━━ Data in this exercise ━━

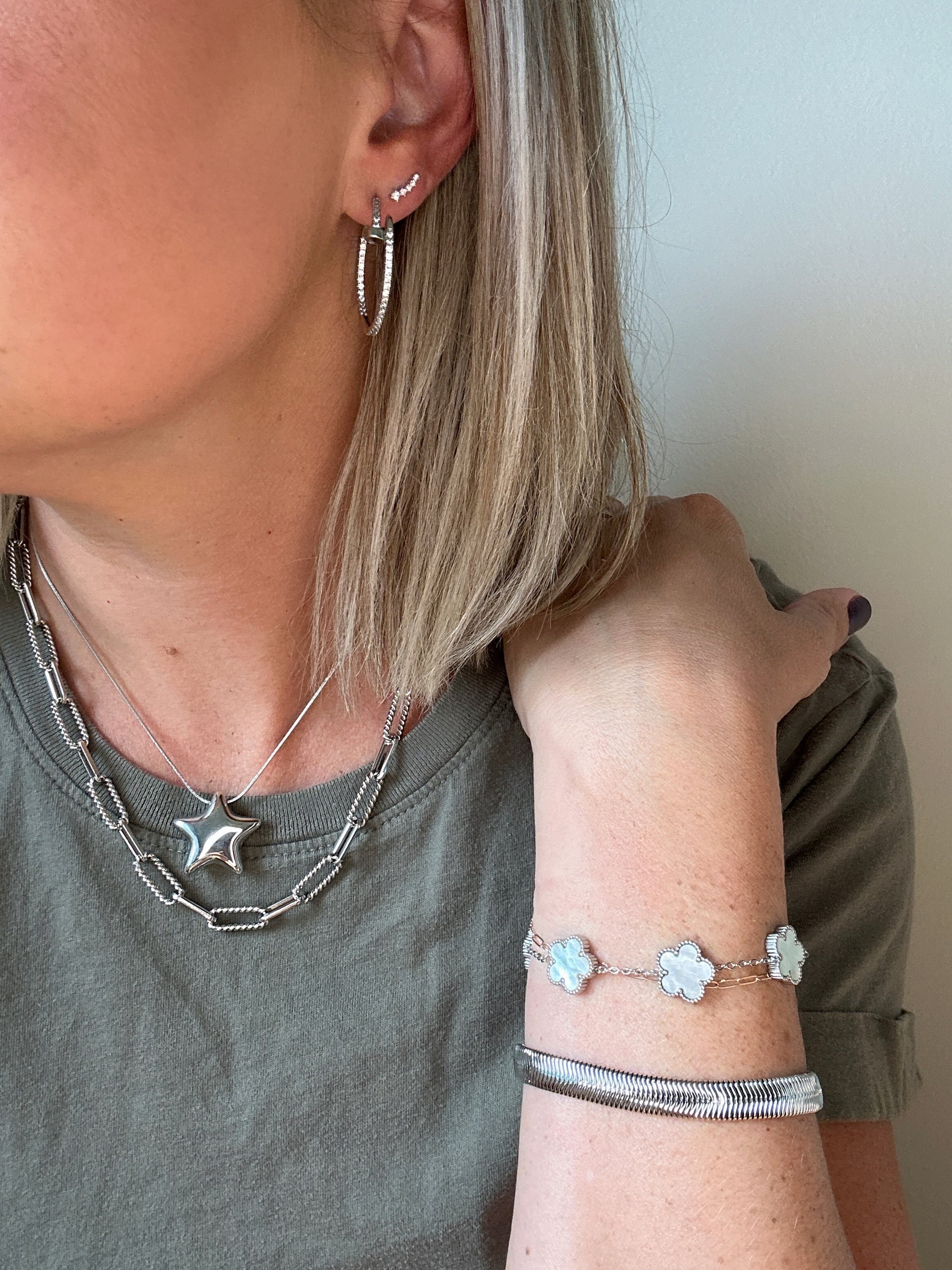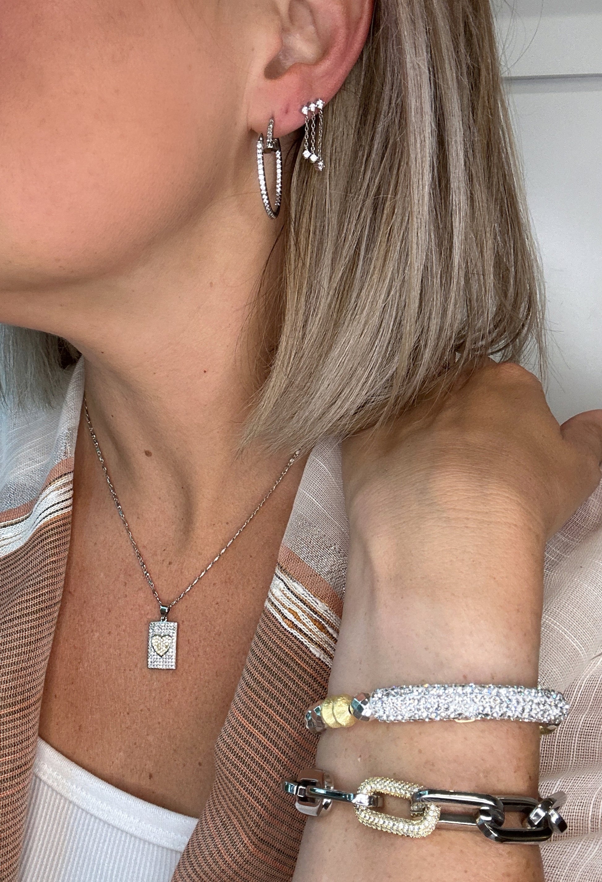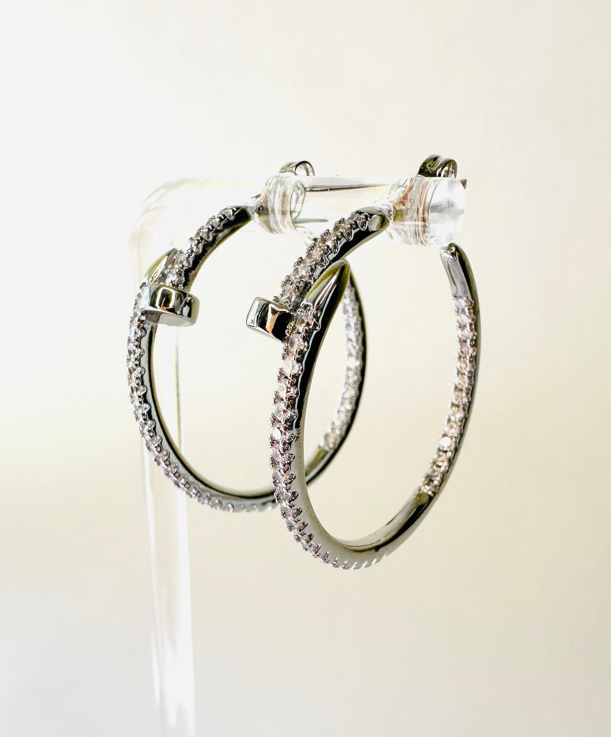 ONLY 1 PAIR LEFT! Get ready to dazzle with the stylish yet sophisticated Steel-plated 22K Diamond Nail Silver Hoop! CZ stones adorning both the inside and outside of the hoop design make for a pave that sparkles in all directions.
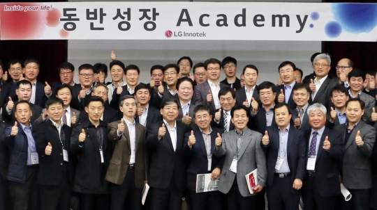LG이노텍이 19일 경기도 안산시 R&D캠퍼스에서 협력사 임직원 100여명을 초청해 R&D, 경영, 혁신, 환경안전 등 분야별 최신 동향과 대응 노하우를 공유하는 '동반성장 아카데미'를 개최했다.
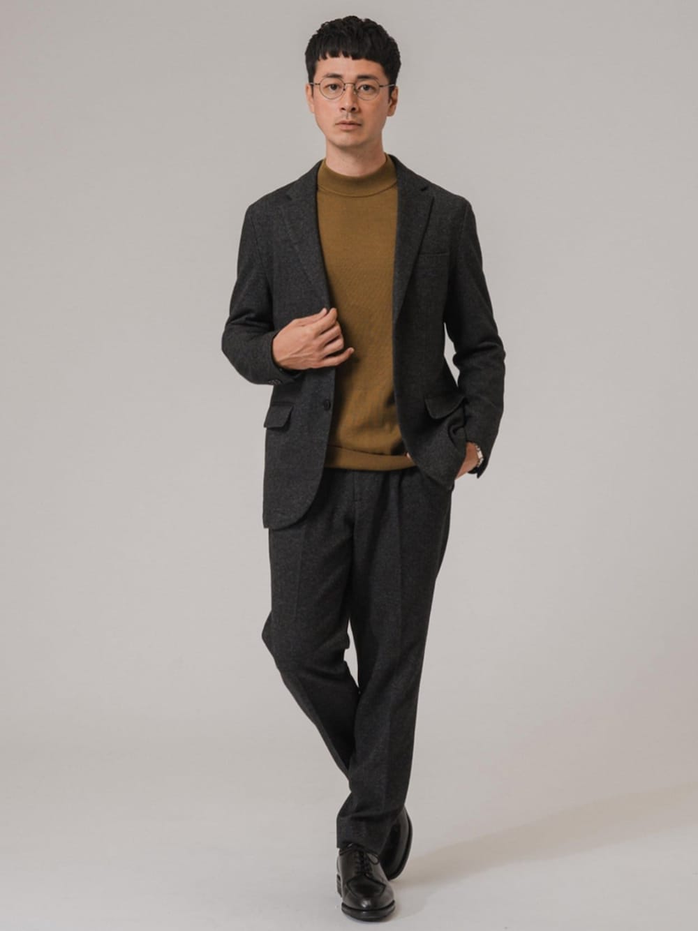 30代後半/身長:176センチ / 標準型 / 普段サイズ:L ジャケットとパンツのセットアップを中に着るアイテム次第で、幅広い着こなしが可能。 今回はマスタードカラーのニットと合わせて、季節感を意識しました。 ■コットン/ウール ジャージー 2ボタン ジャケット【セットアップ着用可】 着用サイズ:L ---------------------------------------------------------- サイズ感:袖も程よいゆとりがあり窮屈感がありません。 素材感 :ストレッチ性のある素材。 着心地 :柔らかく、動きやすくて着心地◎ ---------------------------------------------------------- ■コットン/ウール ジャージー イージースラックス【セットアップ着用可】 着用サイズ:L ---------------------------------------------------------- サイズ感:細身のテーパードシルエット。 素材感 :ストレッチ性のある素材。 着心地 :柔らかく、動きやすくて着心地◎ ----------------------------------------------------------
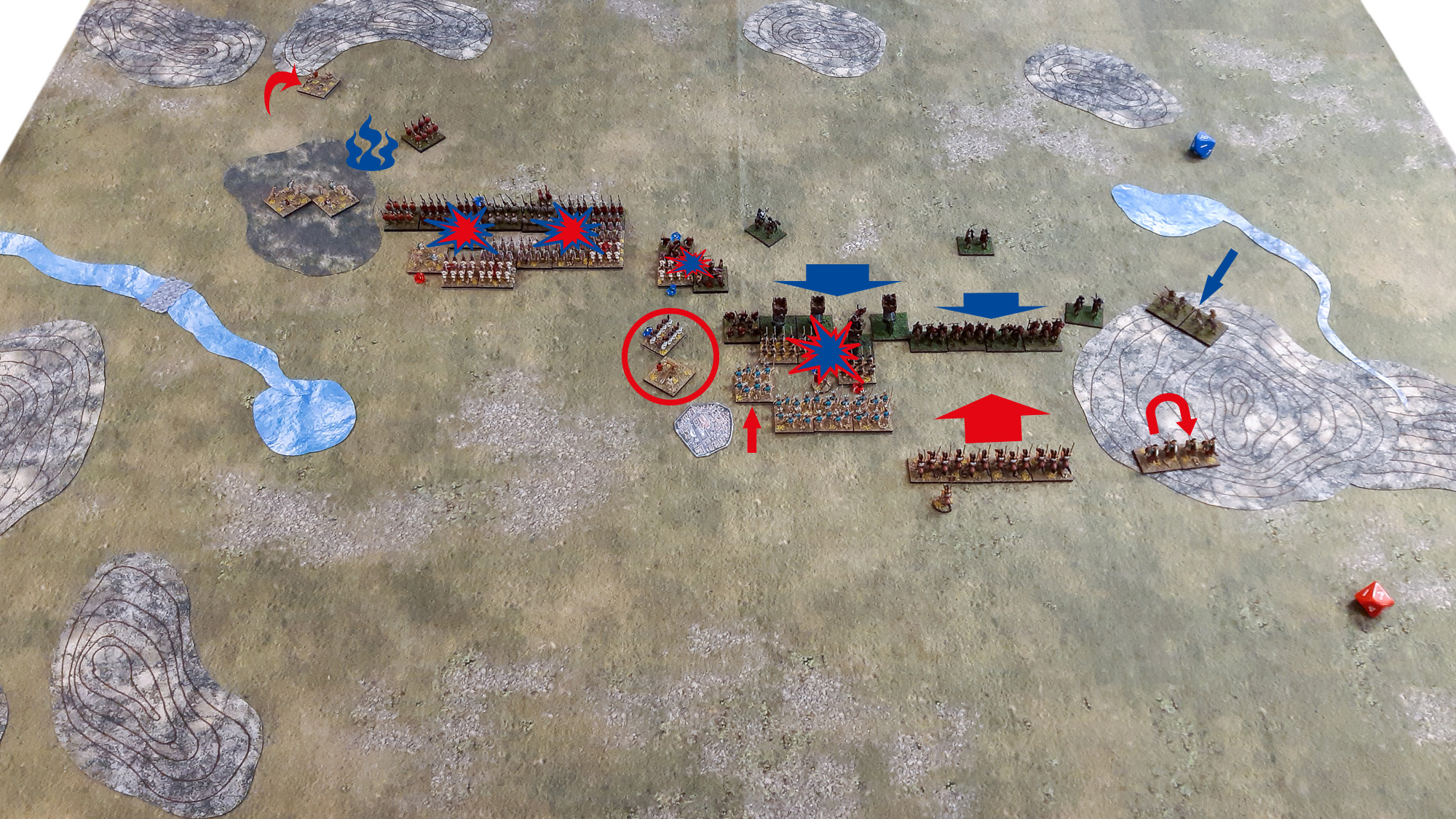 Bemerkenswert war die Lage rund um das Scorpio-Katapult (roter Kreis), gegen welches der detachierte Numidische Reiterverband eine Attacke ritt, der jedoch im Zusammenwirken mit einer Hastati-Abteilung, die noch im rückwärtigen Raum als Nachzügler unterwegs war, zuverlässig abgewehrt werden konnte. Dadurch erhielt das Katapult erstmals ein freies Schussfeld – wenngleich nur für kurze Zeit.
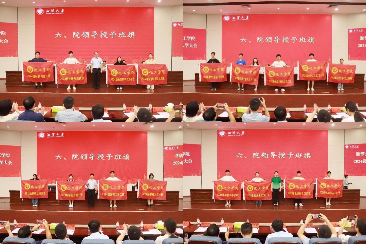 云程发轫,万里可期。研究生代表宁鹏潜鼓励新生追求梦想,充分利用资源,培养良好习惯,面对困难保持勇气,专注于个人成长路径,勇敢前进;新生代表司希睿表达了对湘潭大学的憧憬,她承诺将在湘大接受知识洗礼,直面挑战,自强不息。随后,院领导为2024级各班授旗,旗帜被送至新生手中,承载着学院的期望和新生们的梦想,激励着他们勇往直前,共同书写属于自己的辉煌篇章。
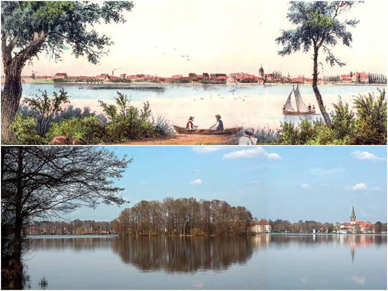 To wtedy po raz trzeci i zarazem ostatni obniżono jezioro. Ponieważ wedutę sporządzono w 1848 roku poziom wód jeziornych w stosunku do dzisiejszego był wyższy aż o ok. 2 m. W tym czasie widoczna na współczesnym zdjęciu Wyspa Sitowia (niem. Binsenberg), znajdowała się jeszcze pod wodą. Na rysunku widać wyłaniającą się w tym miejscu z wody trzcinę i sitowie – stąd wywodzi się nazwa wyspy. Współczesne (polskie) nazewnictwo po raz pierwszy zostało wprowadzone w obieg publiczny z chwilą pojawienia się na rynku (w 1993 roku), pierwszego od czasów wojny(!) planu Szczecinka. Jestem jego autorem i to właśnie wówczas zamieściłem polskie odpowiedniki (z małymi wyjątkami) niemieckich, a więc historycznych, nazw rzeczek, strumieni, wysepek i półwyspów.
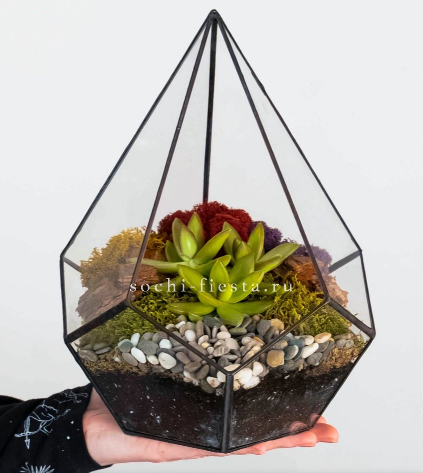 флорариум в кашпо Капля идеален для подарка искушенным и практичным личностям. Растение неприхотливо в уходе, композиция стильно смотрится в любом пространстве:)
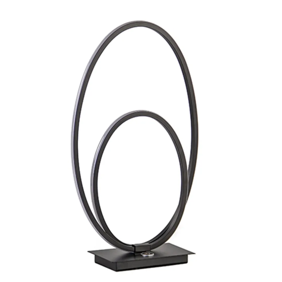 Een moderne LED tafellamp met touchdimmer. De mat zwarte tafellamp is op de voet voorzien van een touchknop die drie dimstanden kent. De bogen van de lamp zijn volledig voorzien van LED strips wat een mooie sfeervolle verlichting geeft en ook nog eens energiezuinig is. Een ideale sfeermaker met modern design!

━━━

-- Exercise requirements --
Once the line with "LG이노텍이 19일 경기도" is found above, transcribe each line from it through the line with "云程发轫,万里可期。研究生代", exactly, and omit the pictures.

-- Problem solution --
LG이노텍이 19일 경기도 안산시 R&D캠퍼스에서 협력사 임직원 100여명을 초청해 R&D, 경영, 혁신, 환경안전 등 분야별 최신 동향과 대응 노하우를 공유하는 '동반성장 아카데미'를 개최했다.
 30代後半/身長:176センチ / 標準型 / 普段サイズ:L ジャケットとパンツのセットアップを中に着るアイテム次第で、幅広い着こなしが可能。 今回はマスタードカラーのニットと合わせて、季節感を意識しました。 ■コットン/ウール ジャージー 2ボタン ジャケット【セットアップ着用可】 着用サイズ:L ---------------------------------------------------------- サイズ感:袖も程よいゆとりがあり窮屈感がありません。 素材感 :ストレッチ性のある素材。 着心地 :柔らかく、動きやすくて着心地◎ ---------------------------------------------------------- ■コットン/ウール ジャージー イージースラックス【セットアップ着用可】 着用サイズ:L ---------------------------------------------------------- サイズ感:細身のテーパードシルエット。 素材感 :ストレッチ性のある素材。 着心地 :柔らかく、動きやすくて着心地◎ ----------------------------------------------------------
 Bemerkenswert war die Lage rund um das Scorpio-Katapult (roter Kreis), gegen welches der detachierte Numidische Reiterverband eine Attacke ritt, der jedoch im Zusammenwirken mit einer Hastati-Abteilung, die noch im rückwärtigen Raum als Nachzügler unterwegs war, zuverlässig abgewehrt werden konnte. Dadurch erhielt das Katapult erstmals ein freies Schussfeld – wenngleich nur für kurze Zeit.
 云程发轫,万里可期。研究生代表宁鹏潜鼓励新生追求梦想,充分利用资源,培养良好习惯,面对困难保持勇气,专注于个人成长路径,勇敢前进;新生代表司希睿表达了对湘潭大学的憧憬,她承诺将在湘大接受知识洗礼,直面挑战,自强不息。随后,院领导为2024级各班授旗,旗帜被送至新生手中,承载着学院的期望和新生们的梦想,激励着他们勇往直前,共同书写属于自己的辉煌篇章。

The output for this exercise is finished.